Biomea Fusion Presents Phase II COVALENT-111 Data in Type 2 Diabetes at the 19th International Conference on Advanced Technologies & Treatments for Diabetes 2026

COVALENT-111 Study Design and Results
COVALENT-111 was a double-blind, randomized, placebo-controlled trial that enrolled adult patients diagnosed with T2D within the last seven years. Eligible participants had HbA1c levels between 7.0% and 10.5%, and a body mass index (“BMI”) between 25 and 40 kg/m². At baseline, all participants were treated with lifestyle management, including diet and exercise, with or without antidiabetic medications and had inadequate glycemic control despite treatment with up to three antidiabetic medications.
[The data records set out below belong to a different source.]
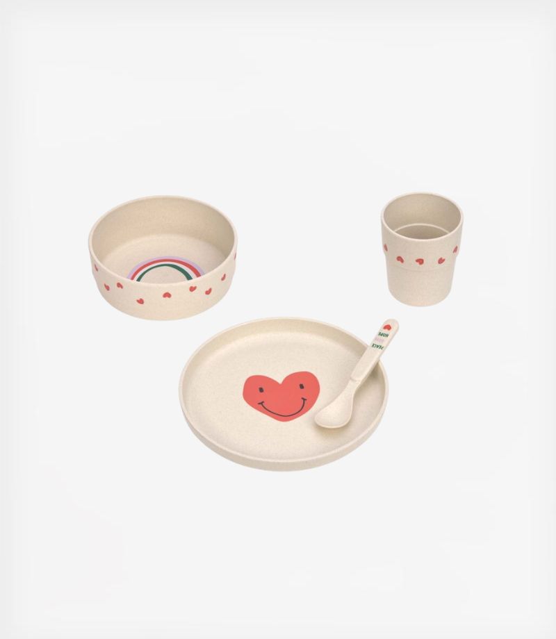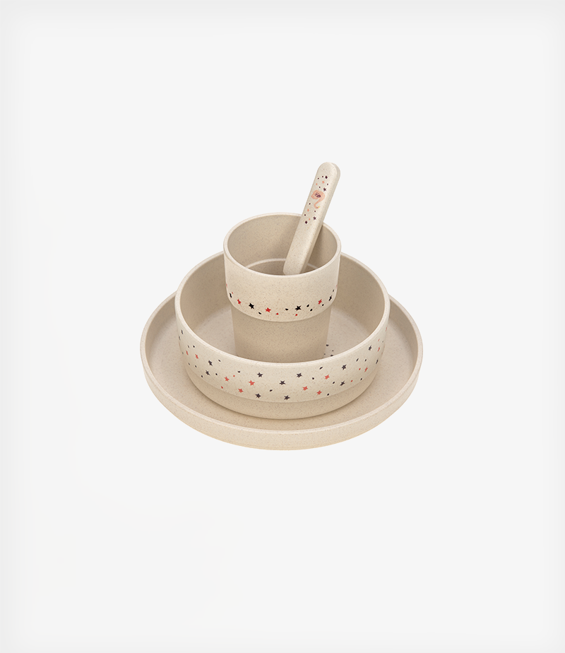 Το σετ περιλαμβάνει πιατάκι, ποτηράκι, μπωλάκι και κουταλάκι.
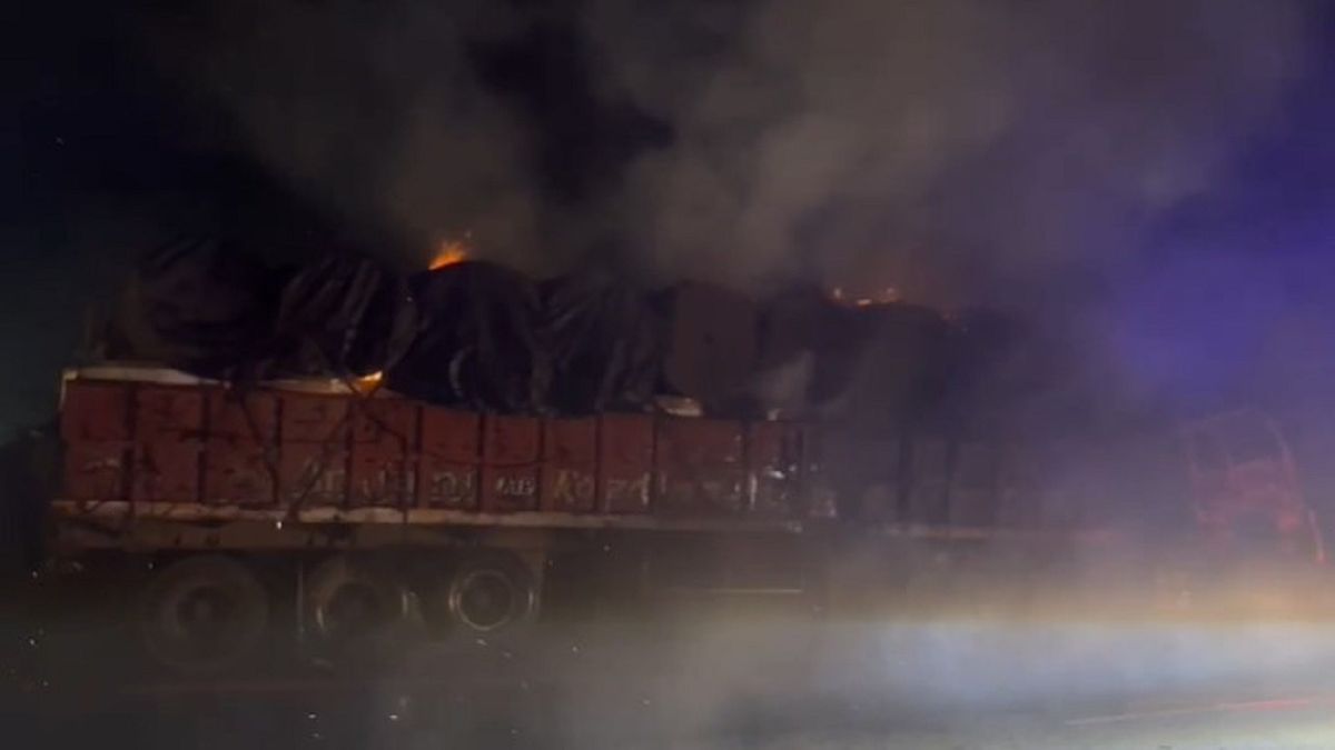 अजमेर रोड हायवेवर भरधाव वेगाने जाणाऱ्या ट्रकला अचानक आग लागल्याने भीतीचे वातावरण निर्माण झाले
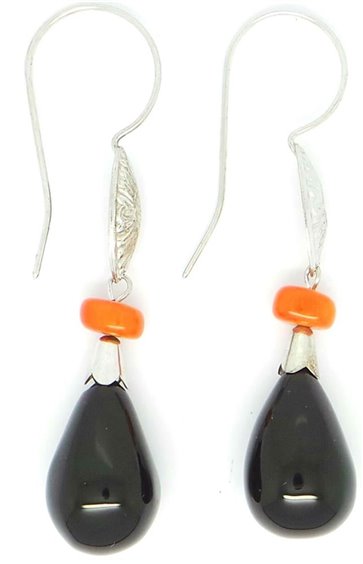 Orecchini con l'amo in argento 925 rodiato con pietre dure. Onice nera naturale taglio a goccia ø 16 mm nella parte più larga, decorato con bamboo rosso e blasoncino etnico in argento. Lunghezza totale dell' orecchino cm 7. Peso grammi 19. Shinè è una parola tibetana che significa bellezza interiore.
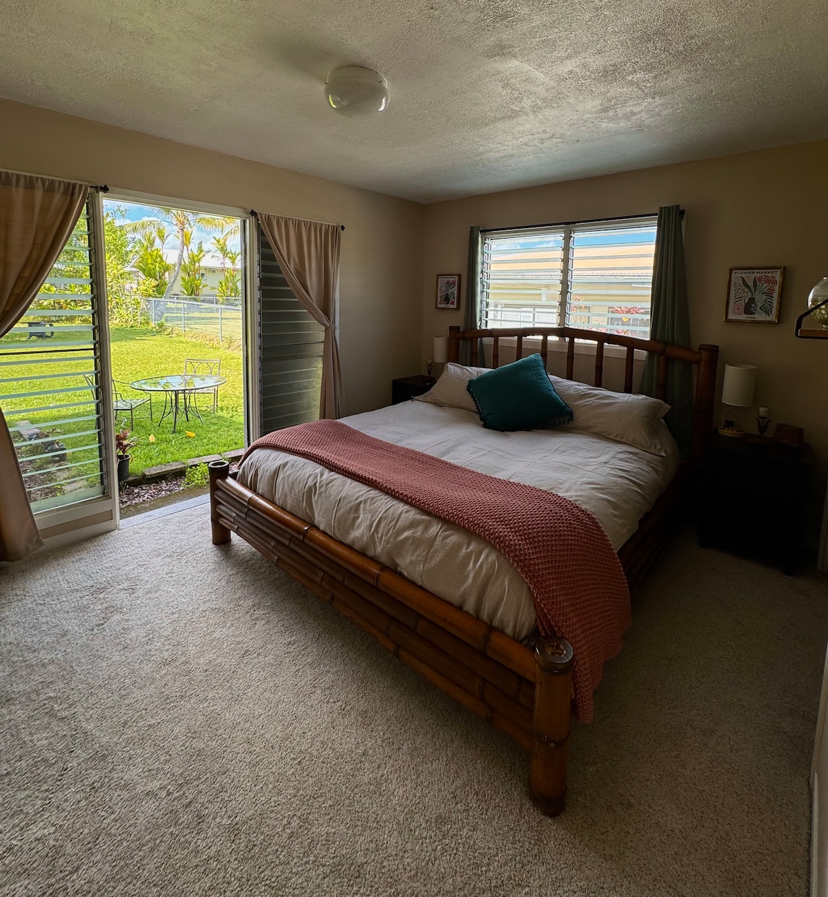 Este hermoso apartamento con aire acondicionado es quizás uno de los alojamientos mejor ubicados de Hilo. Cerca del centro de la ciudad, ¡pero los terrenos parecen un oasis zen de inspiración polinesia! Arroyos y estanques llenos de Koi bordeados de senderos serpentean a través del complejo con piscina. ¡A minutos del aeropuerto, mercados de agricultores, golf, tiendas del centro y más de 100 restaurantes! ¡El complejo también respalda el Parque Estatal de Wailoa, donde puedes caminar a través de más de 130 acres de hermosos terrenos que conducen a la bahía de Hilo!
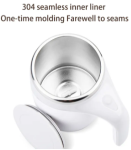 Rechargeable self-stirring coffee mug with magnetic mixing & 304 stainless steel. Portable, leak-proof & perfect for home or office use.
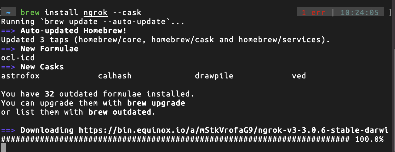 ngrok홈페이지에서 설치 패키지를 다운로드 받을 수 있고, 또는 brew(mac)를 이용하여 터미널에서 직접 설치할 수 있다.
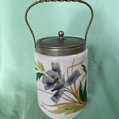 Kiksespand i hvidt glas med flot mønster
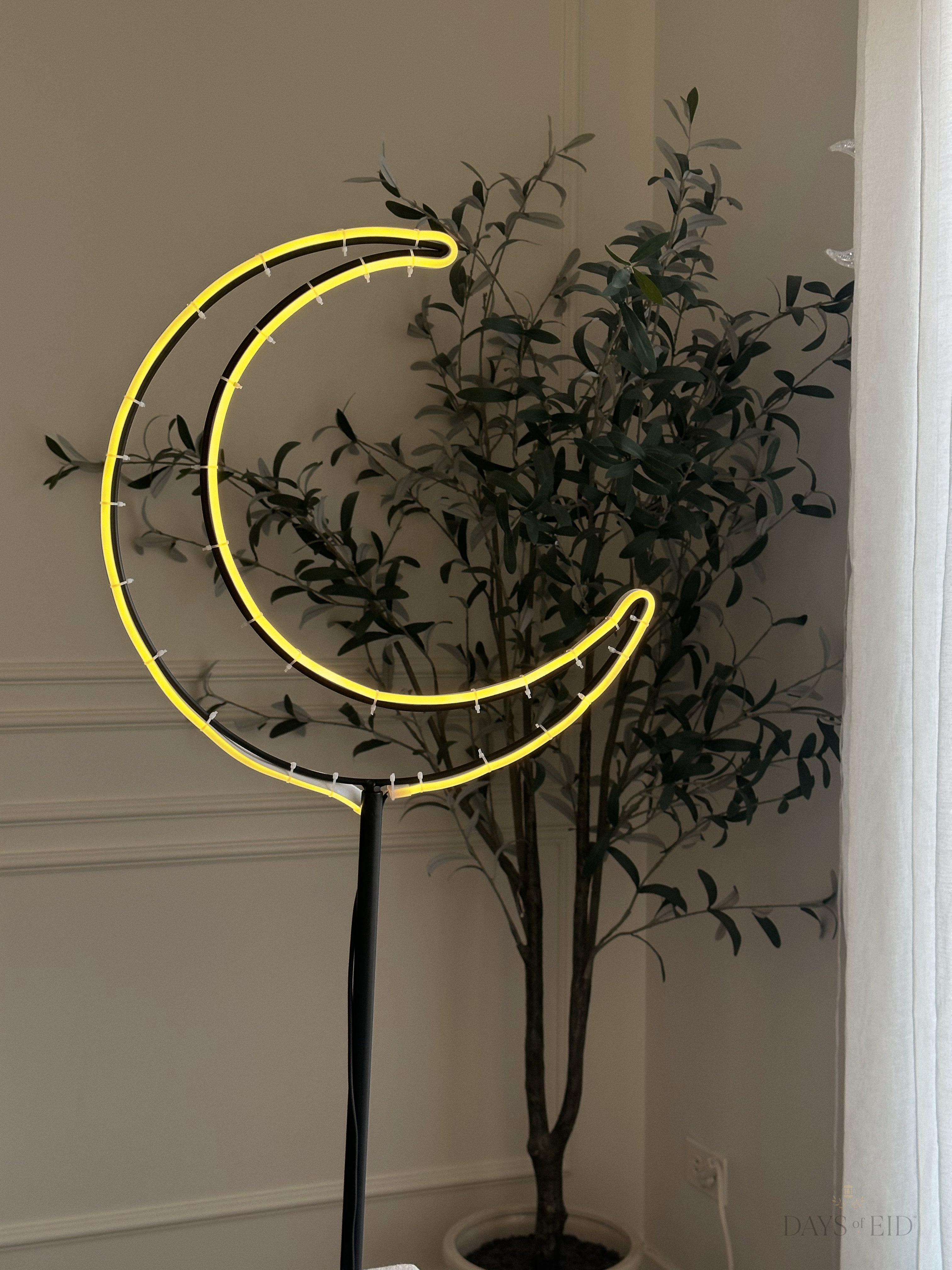 Enhance your space with our versatile Ramadan Crescent Moon Neon LED light. Featuring an adjustable black metal stand, you can place it anywhere in your home at your preferred height. Control the ambiance by choosing one of the 8 colors and light settings or dimming it for the perfect glow.
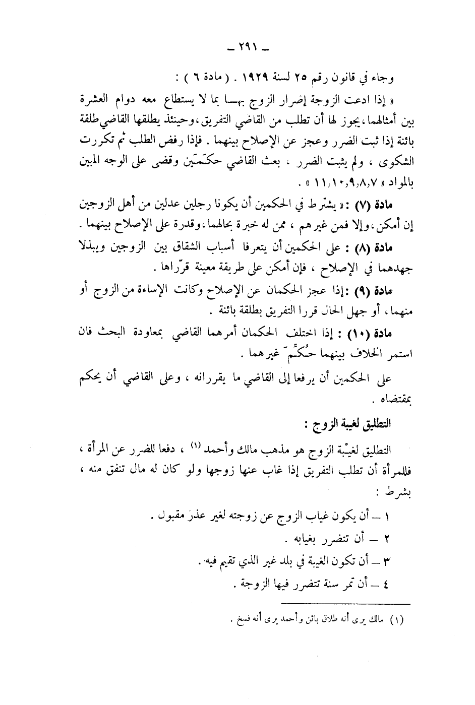 (مادة 6) : " إذا ادعت الزوجة إضرار الزوج بها بما لا يستطاع معه دوام العشرة بين أمثالهما، يجوز لها أن تطلب من القاضي التفريق، وحينئذ يطلقها القاضي طلقة بائنة إذا ثبت الضرر وعجز عن الاصلاح بينهما.
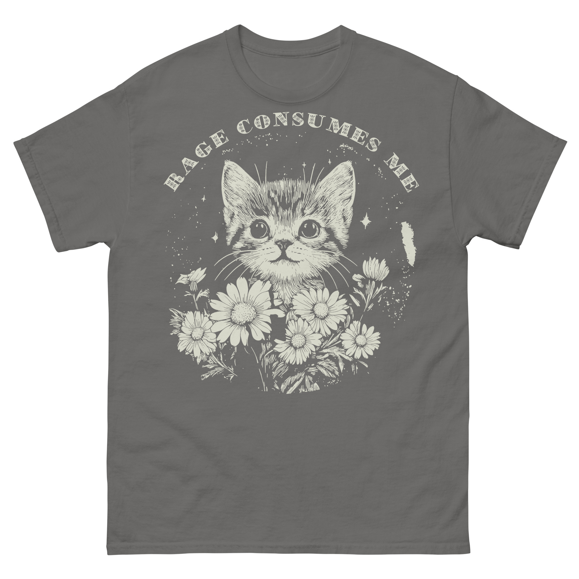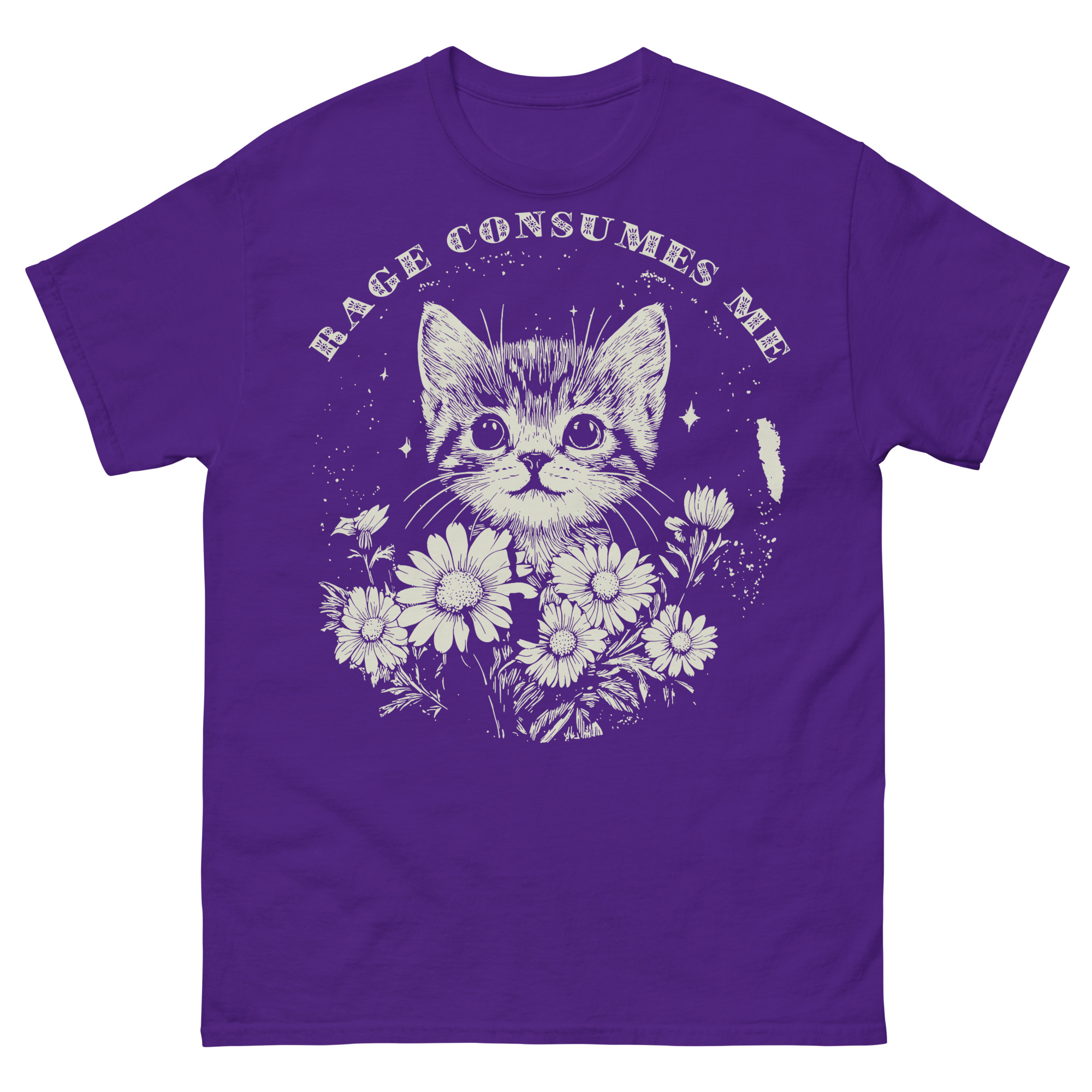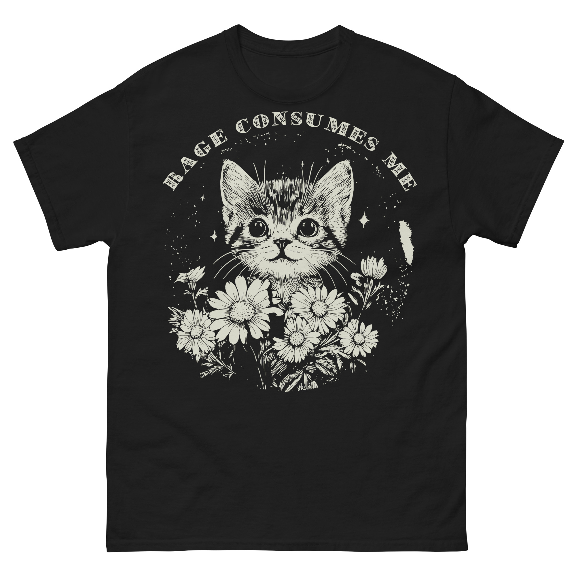 Snygg t-shirt med ett stort tryck med en söt katt och texten ’Rage consumes me’ på framsidan. Tröjan passar alla arga män och kvinnor. Välj mellan sex olika färger.
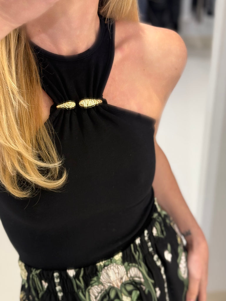 Εφαρμοστό bodysuit "OPEN" με halter λαιμόκοψη που αναδεικνύει κομψά τους ώμους, διακοσμημένο με δύο χρυσές μεταλλικές λεπτομέρειες που προσθέτουν μια shiny πινελιά.
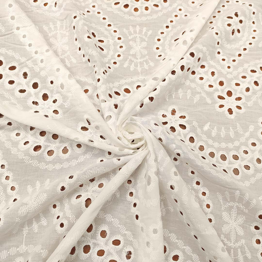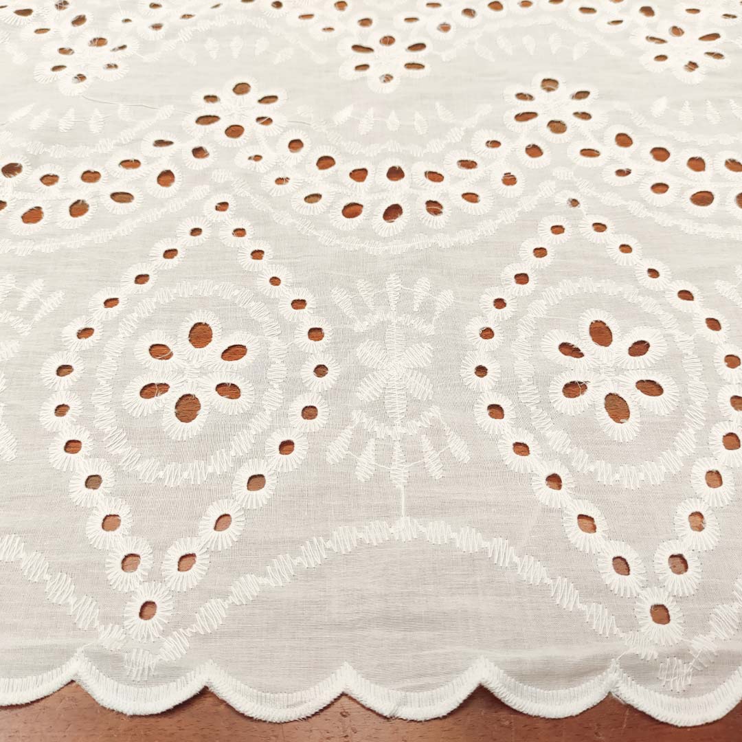 Tessuto Sangallo doppio smerlo motivo astratto bianco seta
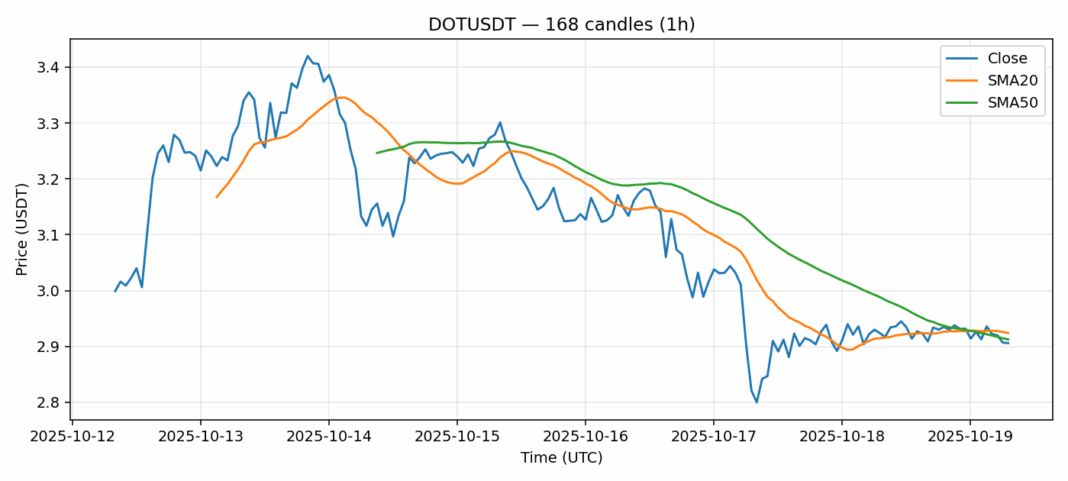 Polkadot — 1h candles, 7D window (SMA20/SMA50, RSI).

The study evaluated icovamenib in three dosing regimens: Arm A at 100mg QD (once daily) for 8 weeks, Arm B at 100mg QD for 12 weeks, and Arm C at 100 mg QD for 8 weeks and 100mg BID (twice daily) for 4 weeks. A total of 267 patients received at least one dose of icovamenib and were considered evaluable for the modified intent-to-treat population. As previously reported, study dosing was temporarily interrupted due to a clinical hold imposed by the U.S. Food and Drug Administration. The topline efficacy analysis presented here includes the patient population (N=163) who had completed at least 80% of their planned dosing prior to the clinical hold (without other significant protocol deviations) and who, at baseline, were treated with one or more antihyperglycemic agents. As prespecified in the statistical analysis plan, outcomes were prospectively evaluated by diabetes phenotype using the Ahlqvist algorithm.